Task directions
Please repeat, exactly and without pictures, the lines of the entries below that run from the one containing "Стол рабочий 1" through the one containing "통신사, 이름, 주민등록번호, 휴대폰번호를 입력합니다.".

The data
- - -
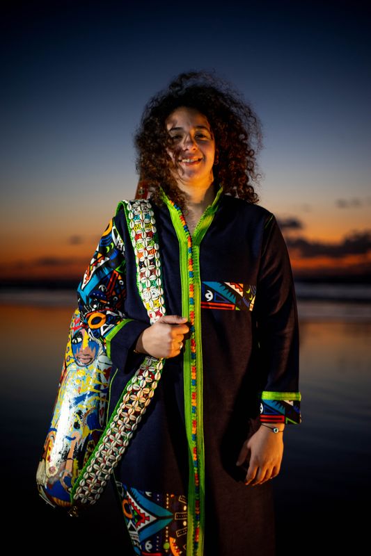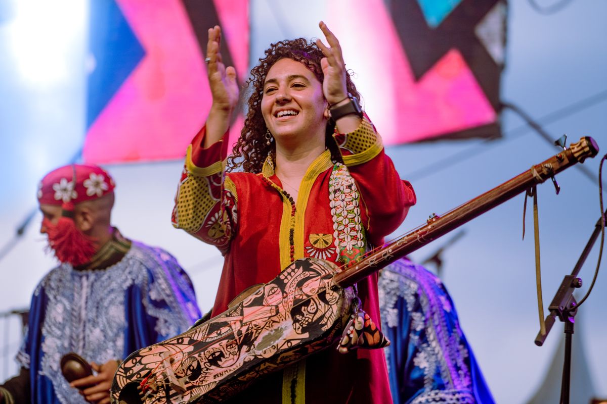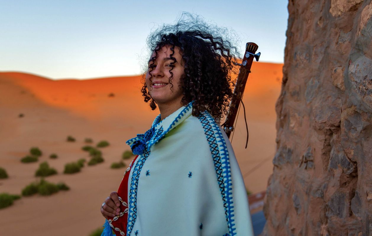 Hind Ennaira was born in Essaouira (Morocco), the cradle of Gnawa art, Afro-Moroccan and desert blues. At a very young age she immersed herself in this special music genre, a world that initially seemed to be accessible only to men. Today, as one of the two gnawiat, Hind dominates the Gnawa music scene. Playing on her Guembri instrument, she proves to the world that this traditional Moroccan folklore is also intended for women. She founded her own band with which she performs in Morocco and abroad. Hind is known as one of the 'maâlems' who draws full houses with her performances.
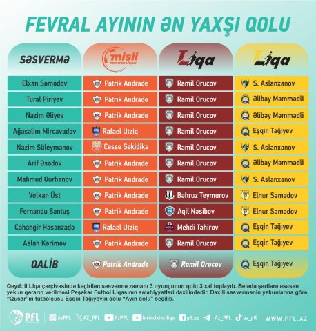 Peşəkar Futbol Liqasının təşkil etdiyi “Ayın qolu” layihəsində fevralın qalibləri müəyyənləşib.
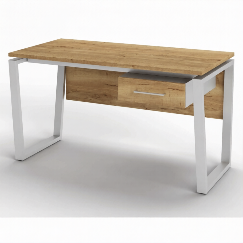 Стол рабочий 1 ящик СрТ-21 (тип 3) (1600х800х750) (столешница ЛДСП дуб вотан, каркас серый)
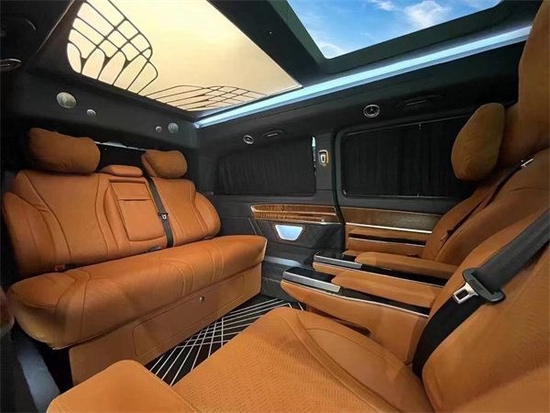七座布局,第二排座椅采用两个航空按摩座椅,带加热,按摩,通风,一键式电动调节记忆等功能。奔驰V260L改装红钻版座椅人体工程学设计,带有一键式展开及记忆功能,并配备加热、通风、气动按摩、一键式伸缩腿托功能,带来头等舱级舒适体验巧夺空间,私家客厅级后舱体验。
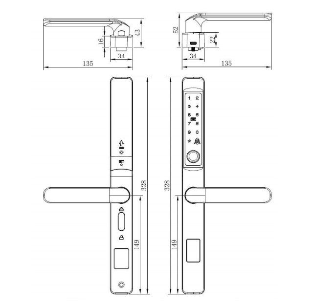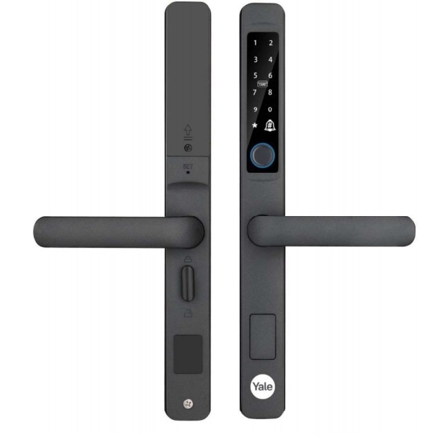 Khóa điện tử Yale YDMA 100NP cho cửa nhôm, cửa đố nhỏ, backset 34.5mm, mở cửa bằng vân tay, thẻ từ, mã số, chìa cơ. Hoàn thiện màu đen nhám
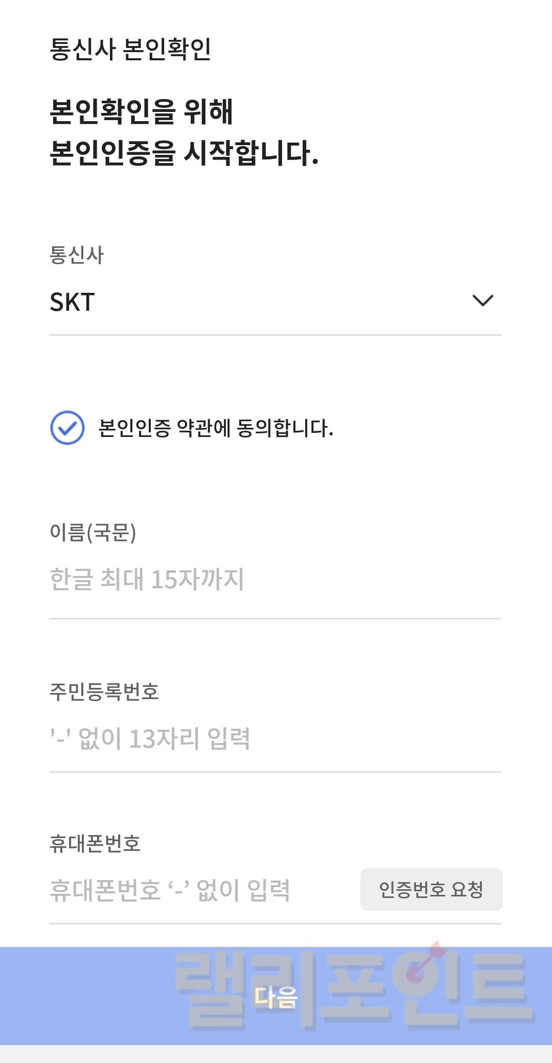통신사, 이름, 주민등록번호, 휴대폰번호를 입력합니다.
- - -
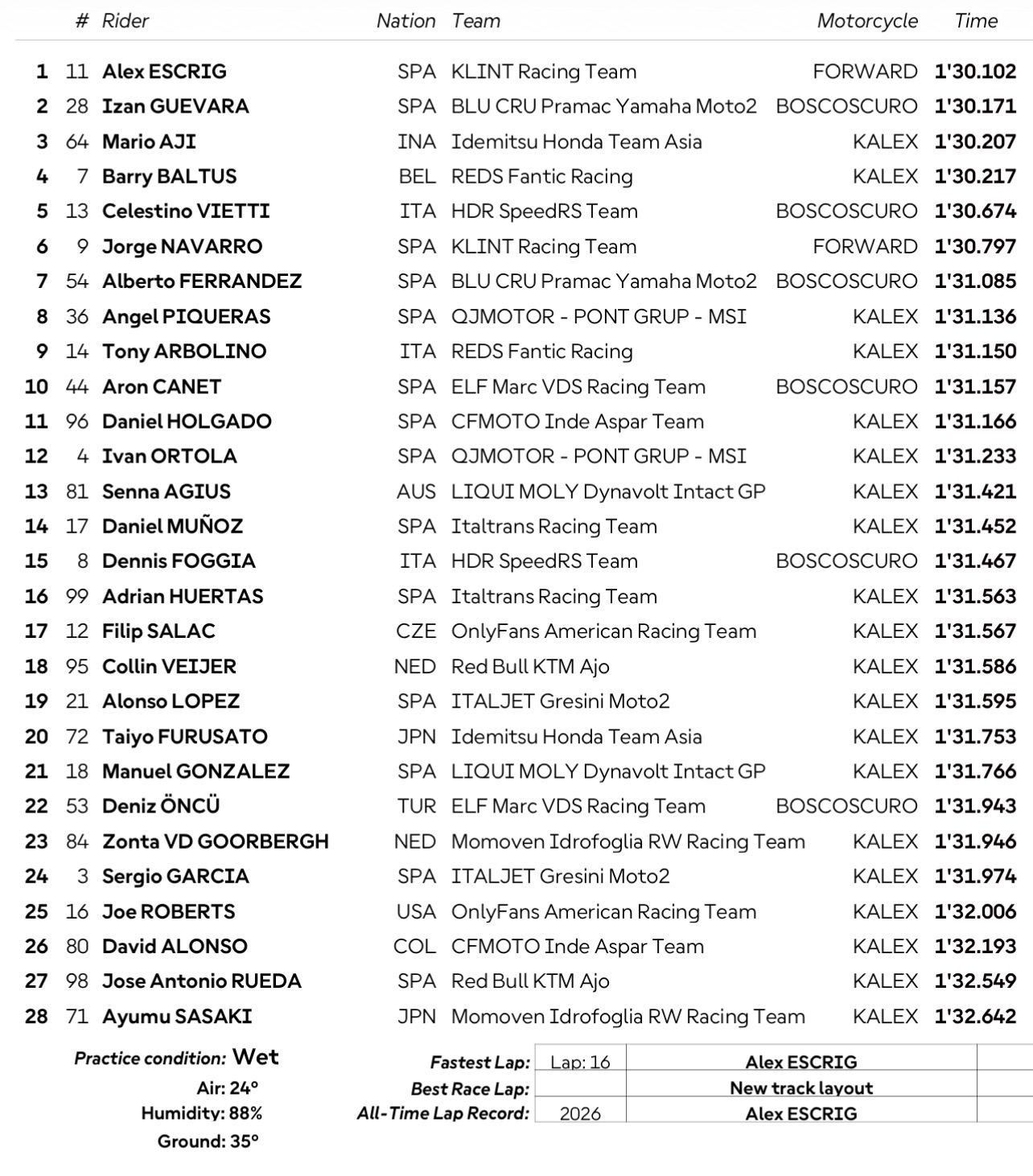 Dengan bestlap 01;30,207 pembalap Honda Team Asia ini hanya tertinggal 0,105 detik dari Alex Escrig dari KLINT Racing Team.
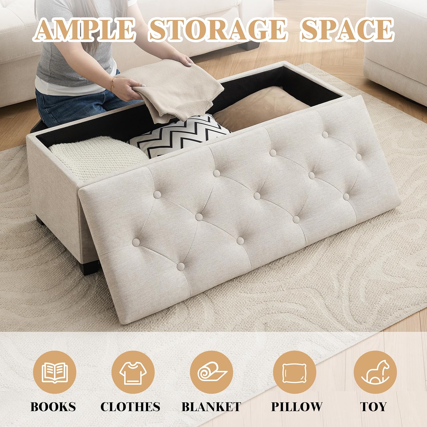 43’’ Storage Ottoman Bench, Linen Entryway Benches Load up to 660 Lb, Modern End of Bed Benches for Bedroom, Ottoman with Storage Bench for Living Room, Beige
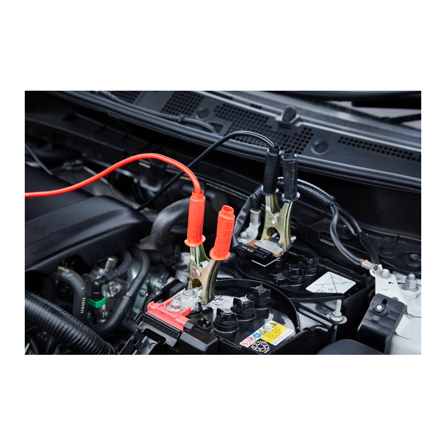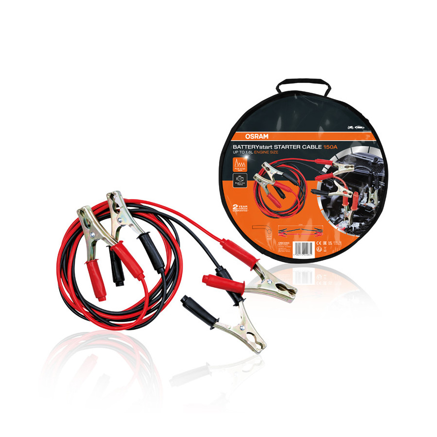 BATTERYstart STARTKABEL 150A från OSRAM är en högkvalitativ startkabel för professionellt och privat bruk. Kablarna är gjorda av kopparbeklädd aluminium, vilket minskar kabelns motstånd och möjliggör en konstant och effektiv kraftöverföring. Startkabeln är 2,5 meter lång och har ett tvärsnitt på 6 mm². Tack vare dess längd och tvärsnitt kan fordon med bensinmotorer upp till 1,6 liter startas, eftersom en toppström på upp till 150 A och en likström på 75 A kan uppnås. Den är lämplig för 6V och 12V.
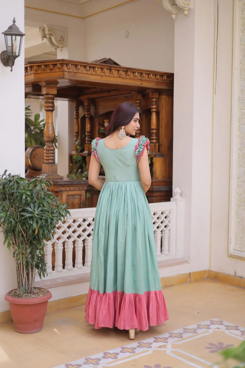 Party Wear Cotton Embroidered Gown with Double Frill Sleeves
- - -
Your solution
 Стол рабочий 1 ящик СрТ-21 (тип 3) (1600х800х750) (столешница ЛДСП дуб вотан, каркас серый)
七座布局,第二排座椅采用两个航空按摩座椅,带加热,按摩,通风,一键式电动调节记忆等功能。奔驰V260L改装红钻版座椅人体工程学设计,带有一键式展开及记忆功能,并配备加热、通风、气动按摩、一键式伸缩腿托功能,带来头等舱级舒适体验巧夺空间,私家客厅级后舱体验。
 Khóa điện tử Yale YDMA 100NP cho cửa nhôm, cửa đố nhỏ, backset 34.5mm, mở cửa bằng vân tay, thẻ từ, mã số, chìa cơ. Hoàn thiện màu đen nhám
통신사, 이름, 주민등록번호, 휴대폰번호를 입력합니다.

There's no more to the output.